About 50 Palestinians were killed and more than 200 others injured in Israeli shelling in southern Gaza Strip after the collapse of the three-day ceasefire which briefly began on Friday morning, medics reported.
The Israeli army aid two soldiers were killed in fighting in the Gaza Strip Friday and named a third man feared captured as a Second Lieutenant Hadar Goldin, 23. Earlier an army spokesman said a 72-hour truce that was to have taken effect Friday morning was now over due to the incident.
The White House on Friday described a reported Hamas attack in Israel as “barbaric” violation of ceasefire.
Meanwhile, Israel announcing the end of the ceasefire also comes after one of its army tank’s fire initially killed eight people in southern Gaza medics said.
A doctor at a nearby Abu Yusef al-Najjar hospital gave no immediate details of the identities of those killed, but said they had died in a bombardment east of the southern city of Rafah, after an AFP correspondent saw heavy shelling of the area.
Hamaz official, Izzat al-Rishq, told Al Arabiya News Channel that Israel was the one to violate the truce.
Israel accuses Hamas
Israel accused Hamas of committing “fragrant breach” of Gaza truce.
“Once again the terror organizations in Gaza flagrantly violating the ceasefire to which they committed themselves, this time to the U.S. Secretary of State and the U.N. Secretary General,” a statement from Prime Minister Benjamin Netanyahu's office said, without pointing to a specific incident.
The truce went into effect Friday morning after the United States and United Nations announced that Israel and Hamas agreed to the humanitarian ceasefire in Gaza Strip.
In a joint statement, the U.S. and U.N. said they had gotten confirmation that all parties to the conflict had agreed to an unconditional ceasefire, in which they would negotiate a longer truce.
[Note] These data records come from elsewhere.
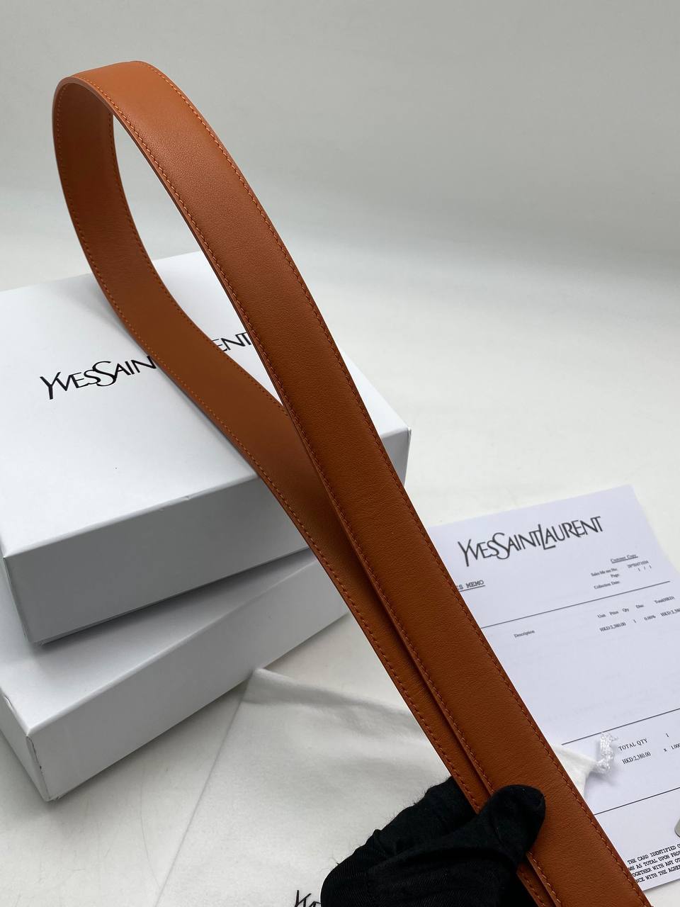 Коричневый женский ремень Yves Saint Laurent, часть итальянской коллекции премиальной одежды для женщин.
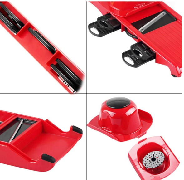 Cortador manual de verduras - Hoja de acero de alta calidad- Eficiente- Práctico- Fácil de lavar- Varias opciones de uso- Hoja de alta calidad- Recipiente para guardar y almacenar verduras mientras las cortas- El pelador tiene clavos de acero en la parte inferior para sujetar mejor las verduras y proteja sus manos. El paquete incluye: 2 cuchillas de corte - 1,2 mm, 2,2 mm 2 cuchillas estilo juliana - 2,5 mm, 3,5 mm 1 cuchilla a la parrilla 1 rallador 1 pelador 1 recipiente 1 cortador con mano protector 1 Safe Storage Rack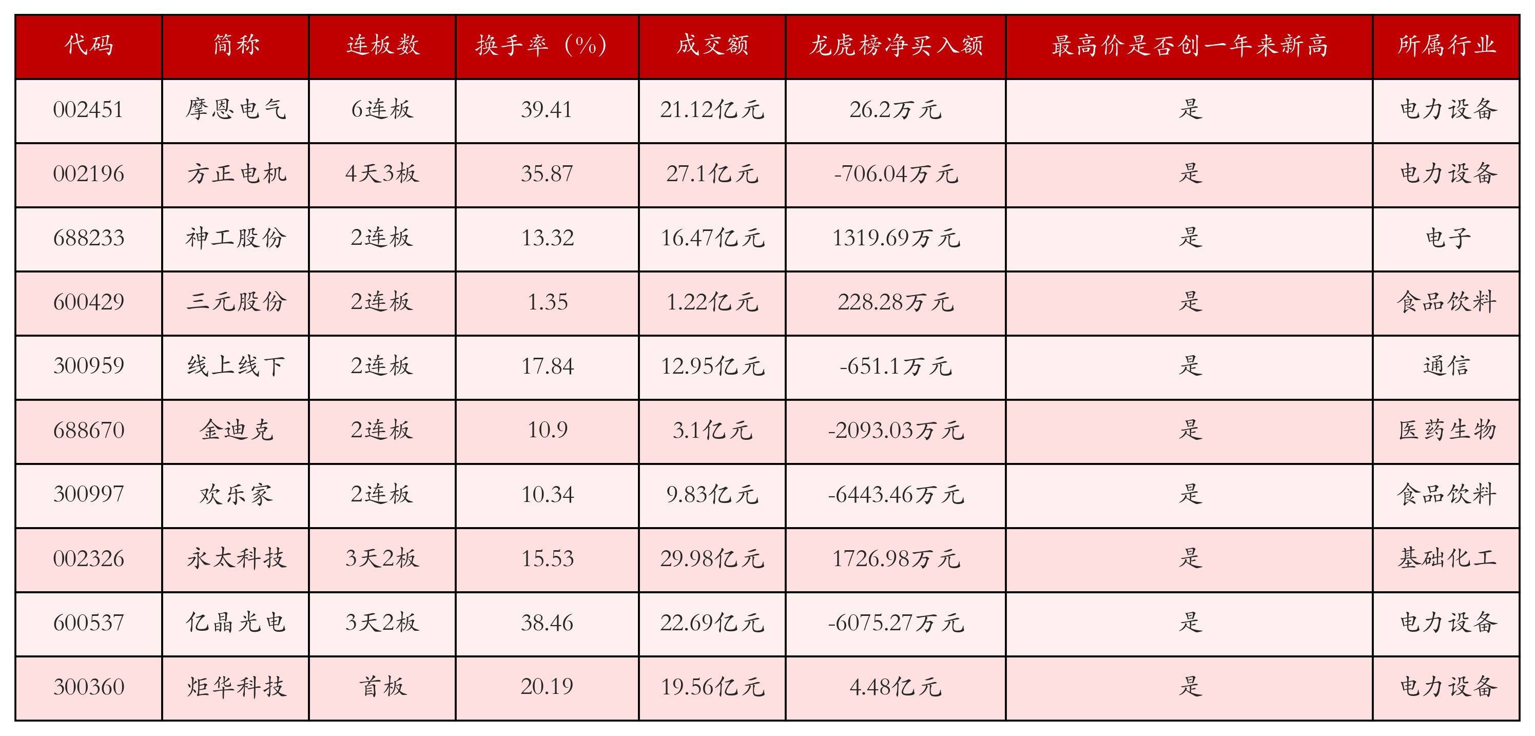 齐备11月11日收盘,上证综指着落0.39%,收于4002.76点,深证成指着落1.03%,收于13289.0点,创业板指着落1.4%,收于3134.32点。当天沪深两市A股认为81只涨停,抽象刻下连板数以及当日龙虎榜数据,其中较为强势的前三只个股永诀为:摩恩电气(002451)、方正电机(002196)与神工股份(688233)。当天强势个股前10位具体数据见下表:

The statement was released in New Delhi, where U.S. Secretary of State John Kerry is now meeting with Indian officials.
Meanwhile, Kerry said he remained hopeful for a ceasefire in the Gaza conflict but declined to predict when.
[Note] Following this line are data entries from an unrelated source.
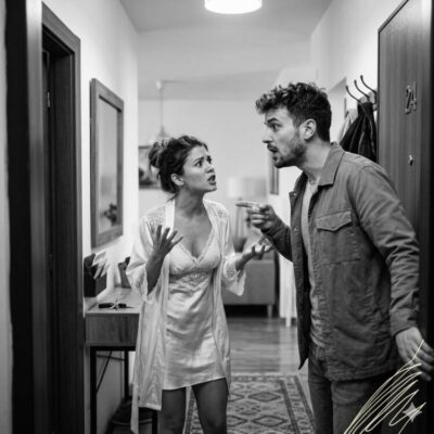Стояла перед ним в новом домашнем костюме — мягком, велюровом, цвета тёмного шоколада. Волосы уложены, лицо спокойное. Выглядела женщиной, у которой всё хорошо.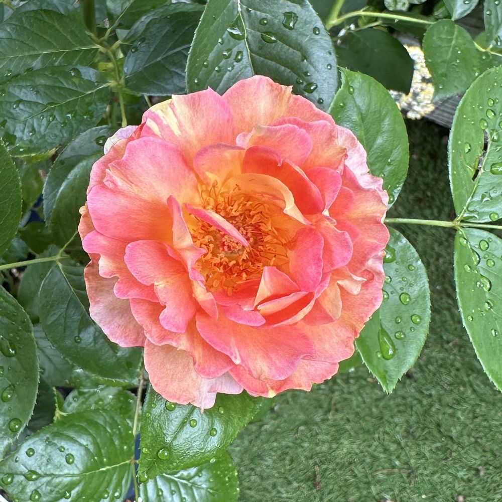 バラパリジェンヌの2番花もポツポツ咲いてきました。が、只今ものすごいゲリラ豪雨中で倒れてしまいました涙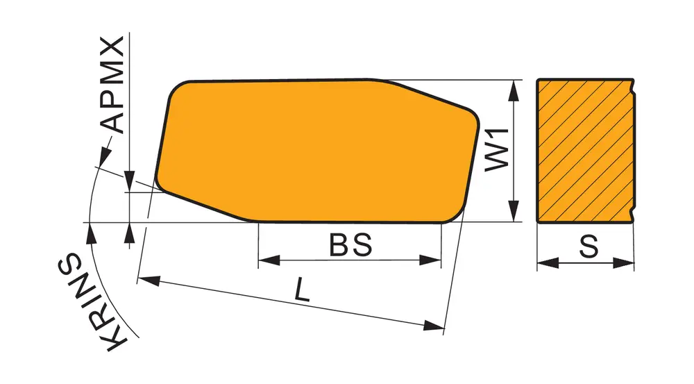 Двусторонняя негативная пластина для зачистки прутка, прямоугольная, длиной 38,25 мм, толщиной 12 мм для глубины резания 4 мм, со стружколомом PR, из сплава 6630, функционально-градуированного твердого сплава WC-Co с покрытием MT-CVD в диапазоне P15 -P35 по ISO, для сталей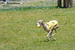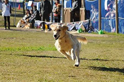 「よ~いドン」でスタートして、30m先のゴールラインをワンちゃんが通過するまでのタイムを競います。ボールやフリスビーを投げたり、一緒に走ることもできる人気の競技です。

Kerry said he had remained in close contact on the telephone with players in the Middle East to try to end the Israel-Hamas conflict.
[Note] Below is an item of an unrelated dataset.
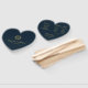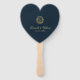 Un elegante abanico de programa de boda en forma de corazón para un tema de boda azul marino y dorado. Los títulos y los nombres (y las iniciales) de la novia y el novio están escritos en una elegante letra caligráfica, el resto en mayúsculas. El fondo es azul marino, el texto es amarillo dorado. En la parte delantera, encima del texto, hay un monograma en una guirnalda de hojas doradas vintage. En la parte posterior, tiene en el lado izquierdo el programa de la ceremonia de boda y, en el lado derecho, el séquito de boda (con 2 columnas diferentes para el equipo de la novia y el equipo del novio). y debajo de ellos un breve mensaje de agradecimiento.

"The United States remains hopeful that it is achievable, and the sooner the better," Kerry said of a ceasefire.
"There is no promise in that, but I think everybody would feel better if there was a bona fide effort," Kerry told a joint news conference with Indian Foreign Minister Sushma Swaraj in New Delhi.
Netanyahu's annoucement came a day after the United States confirmed it had restocked Israel's supplies of ammunition, hours after issuing a strong condemnation of an attack on a United Nations school in Gaza.
The Israeli military requested additional ammunition to restock its dwindling supplies on July 20, the Pentagon said. The U.S. Defense Department approved the sale just three days later.
"The United States is committed to the security of Israel, and it is vital to U.S. national interests to assist Israel to develop and maintain a strong and ready self-defense capability," Pentagon spokesman Rear Admiral John Kirby said in a statement.
"This defense sale is consistent with those objectives."
Two of the requested munitions came from a little-known stockpile of ammunition stored by the U.S. military on the ground in Israel for emergency use by the Jewish state. The War Reserve Stockpile Ammunition-Israel is estimated to be worth $1 billion.
Kirby stressed that those munitions had been in WRSA-I stock for "a few years, well before the current crisis."
"All stocks in WRSA-I, as required by law, are 'in excess to U.S. requirements," he added.
Gaza officials say at least 1,361 Palestinians, most of them civilians, have been killed in the battered enclave and nearly 7,000 wounded. Fifty-six Israeli soldiers have been killed in Gaza clashes and more than 400 wounded. Three civilians have been killed in Palestinian shelling in Israel.
U.N. Secretary General Ban Ki-moon was incensed on Wednesday at the deaths of at least 15 Palestinians among thousands sheltering at a school whose U.N. administrator said appeared to have been hit by Israeli artillery.
U.N. human rights chief Navi Pillay on Thursday slammed what she said was Israel's "deliberate defiance" of international law during the Gaza conflict.
Pillay lambasted the country's attacks on homes, schools, hospitals and United Nations facilities in Gaza.
"None of this appears to me to be accidental," she told reporters in statements carried by AFP. "There appears to be deliberate defiance of obligations that international law imposes on Israel.